We know how this plays out. Someone whines and grumbles about the way things are. Pretty soon a chorus gathers around the complaint. Social media gets the message and ignites a match. And in a timeless second a protest is roaring with people swallowing their own poison and dying in the wilderness. This is the story of Moses and the moaning Israelites. This is the story of the fickle crowds in Jerusalem demanding, “Crucify him! Crucify him!” on the fateful day for Jesus. This is the story of our country today, with volleys of revolts erupting from the extreme right and flaring back from the far left. 


As if standing in a pit of poisonous snakes, we are split into feverish corners until a crowd is bent on an arc toward destruction. From the ten thousand feet above the ground perspective we can no longer distinguish one side from the other because we are all pointing poison fingers and looking for someone to blame for being stuck between the way things used to be and the promised land. Still, we are not condemned to this agony.


Looking to Moses we discover a way out of this hopeless hostility.
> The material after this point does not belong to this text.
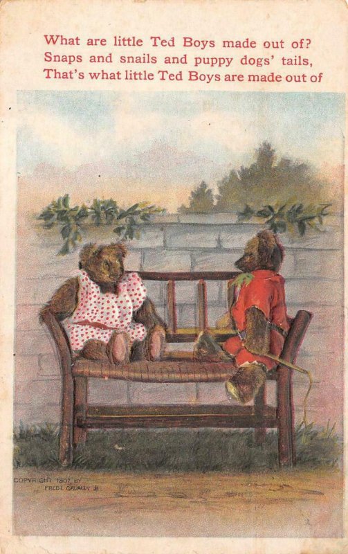TEDDY BEARS SITTING ON BENCH ROMANCE POEM EMBOSSED POSTCARD 1909

Praying on behalf of the Israelites Moses first turns to God then offers the snaky masses something new to look at. Lifting up the bronze serpent Moses invites the cranky crowd to turn their eyes to healing rather than complaining and yearning for yesterdyear.


This was the first time the image of a serpent entwined on a pole enters humanity’s imagination. The Israelites are stuck between Egypt and the promised land, looking with longing backward to the way things used to be until Moses gives them something new to look at. The image of a serpent wrapped around a pole came to be associated with the Greek god Asclepius, the god of healing and medicine.* Today we see the symbol associated with the World Health Organization, The American Medical Association and on the sides of ambulances. What does this perennial symbol have to do with us? I believe it invites us to turn our eyes to healing rather than complaining and yearning for the way things used to be.
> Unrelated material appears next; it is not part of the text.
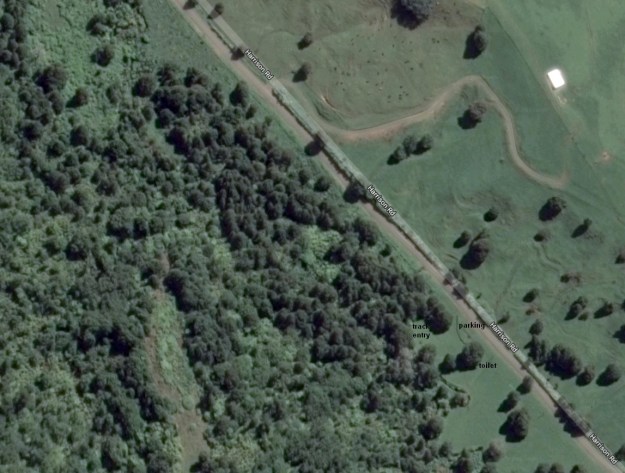 The aerial photo, from Google Maps, shows only the part of the scenic reserve with the track.

Four hundred years after Moses Jesus is still trying to get God’s people to stop protesting and see something new. Much like Moses lifting the serpent in the wilderness Jesus offers himself to be lifted up as something new to look at and be healed. I can almost hear the duet, Moses and Jesus pleading, “People, don’t you see? If you choose to look at the bronze serpent instead of the miserable food and your thirst to arrive at the promised land, if you choose to look at Jesus’ walk through suffering in the company of God, you choose life. You are healed.”


What do we choose to look at? To what do we give our attention?


As social beings in the twenty-first century we can protest forever about our rights; economic, social, cultural, civil and political. We can whip ourselves into frenzies, wag our biting fingers like so many venomous snakes or we can choose to look at something new, something risen from our wilderness journey between the idealized way things used to be and the promised land. Let us not forget, the Israelites were slaves to the Egyptians before Moses led them into the wilderness. Why would they want to go back to that?  Likewise, when we remove our collective rose colored glasses we must confess, our past is not pristine. 


Here is the thing, poisonous protests rise on both sides of the aisle and sing every note on the scale. Since the beginning of the beginning this has been our story. Do we really want to continue suffering in the poison of our own protests? Do we really want to choose death and listen to ourselves speaking against God and Moses and crying “Crucify him?” How many hundreds or thousands of years before we choose to look at something new rising in the wilderness between the way things used to be and the promised land? 


 Today is a turning point in our journey. We are being led out of Egypt, out of the reach of Covid-19 into the wilderness where we will either find or lose ourselves while wandering between the way things used to be and the promised land.  It is time us to open our eyes to see something new. This is a matter of life or death.